= Requirement =
What is needed is an exact copy of the data below, pictures excluded.

= Dataset content =
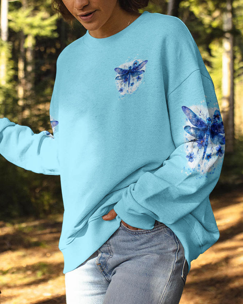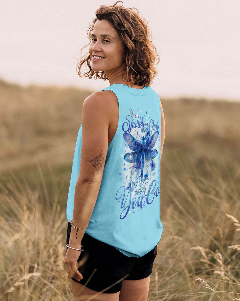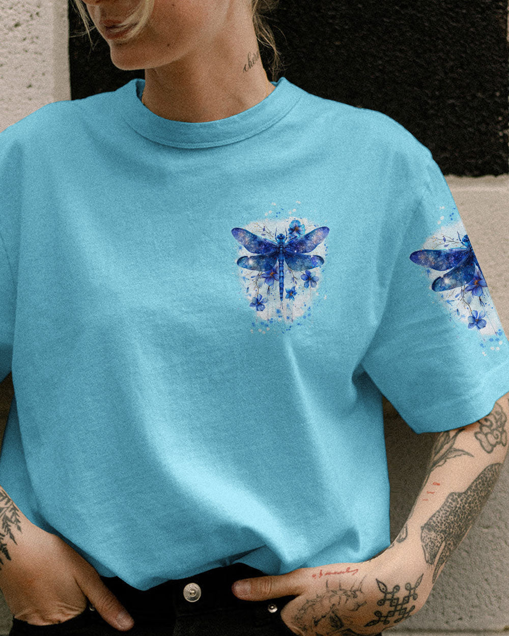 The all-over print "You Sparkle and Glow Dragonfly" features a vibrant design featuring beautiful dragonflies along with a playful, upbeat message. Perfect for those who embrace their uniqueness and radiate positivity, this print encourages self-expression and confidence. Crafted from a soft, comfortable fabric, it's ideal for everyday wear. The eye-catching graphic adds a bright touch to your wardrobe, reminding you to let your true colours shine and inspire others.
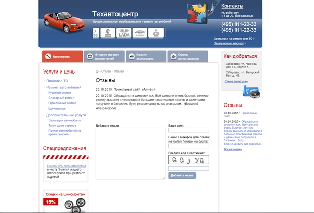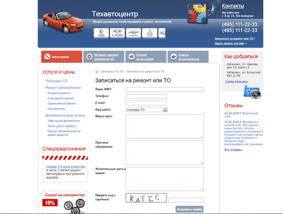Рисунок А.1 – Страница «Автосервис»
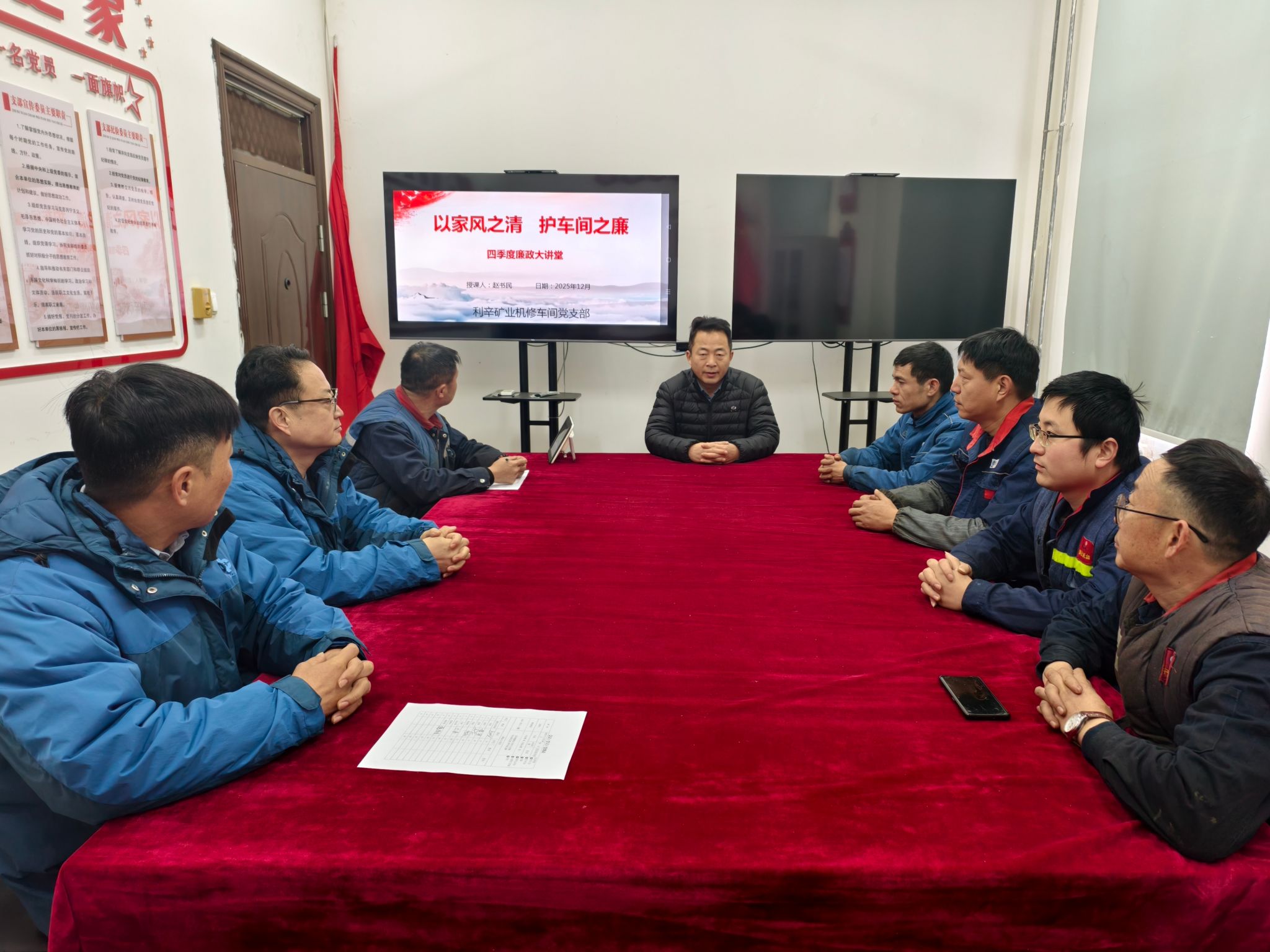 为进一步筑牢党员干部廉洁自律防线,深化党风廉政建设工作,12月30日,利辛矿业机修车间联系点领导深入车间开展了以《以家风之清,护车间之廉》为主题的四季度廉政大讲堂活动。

= Solution =
 The all-over print "You Sparkle and Glow Dragonfly" features a vibrant design featuring beautiful dragonflies along with a playful, upbeat message. Perfect for those who embrace their uniqueness and radiate positivity, this print encourages self-expression and confidence. Crafted from a soft, comfortable fabric, it's ideal for everyday wear. The eye-catching graphic adds a bright touch to your wardrobe, reminding you to let your true colours shine and inspire others.
Рисунок А.1 – Страница «Автосервис»
 为进一步筑牢党员干部廉洁自律防线,深化党风廉政建设工作,12月30日,利辛矿业机修车间联系点领导深入车间开展了以《以家风之清,护车间之廉》为主题的四季度廉政大讲堂活动。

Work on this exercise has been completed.